La papeterie Tsubaki - Ito Ogawa



Le 1er février 2023,


J’ai poussé la porte de la boutique un dimanche de Janvier. On me l’avait recommandée. Je m’y suis tout de suite bien senti. Ça sentait bon le thé, le propre et la sérénité. Tout y était joli et soigné. Je n’avais pas de commande à passer mais j’avais envie de rester, de m’asseoir sur le tabouret et de me faire servir le thé par Hatoko.


« Si nous sommes voisines, Madame Barbara et moi, ce n’est sûrement pas par hasard, il doit y avoir une raison. Et si nous sommes devenues si proches, c’est peut-être parce que l’Ainée, depuis le ciel, tire des fils invisibles. »

J’étais, dans la papeterie Tsubaki, à l’abri du chahut qui se jouait dans ma tête. Elle me faisait l’effet d’une douce méditation, et j’en avais bien besoin. Je m’étais jeté à l'eau quelques jours plus tôt en rendant public une part de moi qui ne l’était pas, l’écriture.


Je dis que j’écris, mais en fait je n’écris pas, je déteste écrire. Je veux dire à la main. Je suis gaucher, ce n’est peut-être pas une excuse, mais l’écriture occidentale – comme tout un tas d’autres choses – n’est pas faite pour les gauchers, vous en conviendrez. Alors je suis comme Karen, je n’y arrive pas, et parce que l'on dit - peut-être à tort - que « L’écriture est le reflet de la personnalité », j’en ai parfois un peu honte.

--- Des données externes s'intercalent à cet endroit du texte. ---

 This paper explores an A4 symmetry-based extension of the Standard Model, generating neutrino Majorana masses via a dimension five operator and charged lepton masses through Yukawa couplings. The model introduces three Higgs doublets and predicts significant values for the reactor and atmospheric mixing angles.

Du coup je préfère tapoter sur mon clavier. En en regardant Hatoko, je me dis qu’on devrait avoir deux mots pour parler d’écriture, pour séparer la forme du fond, d’un côté la calligraphie et de l’autre la poésie. Les deux sont un art. Mais ça, je ne le savais pas avant d’entrer dans cette boutique.

« Mais l’écriture manuscrite, celle de la main d’un être vivant, possède un supplément d’âme qui ne se résume pas à la simple beauté formelle. »

J’aurai pu la regarder des heures choisir avec minutie chaque élément pour y mettre du sens. Parce que tout à un sens. Tout à un langage. Pas seulement les mots. Le choix du papier, le grain, la couleur, le choix de la plume ou du stylo, l’épaisseur du trait, la couleur de l’encre, la taille des caractères, le style, puis le choix de l’enveloppe et du timbre… Rien ne doit dénoter, briser l’harmonie de la lettre, sinon le message en sera déformé. Il s'agit là d'un art total, spirituel, qui ne réside pas uniquement dans l’esthétique. La lettre doit porter avec elle, l’âme de son expéditeur.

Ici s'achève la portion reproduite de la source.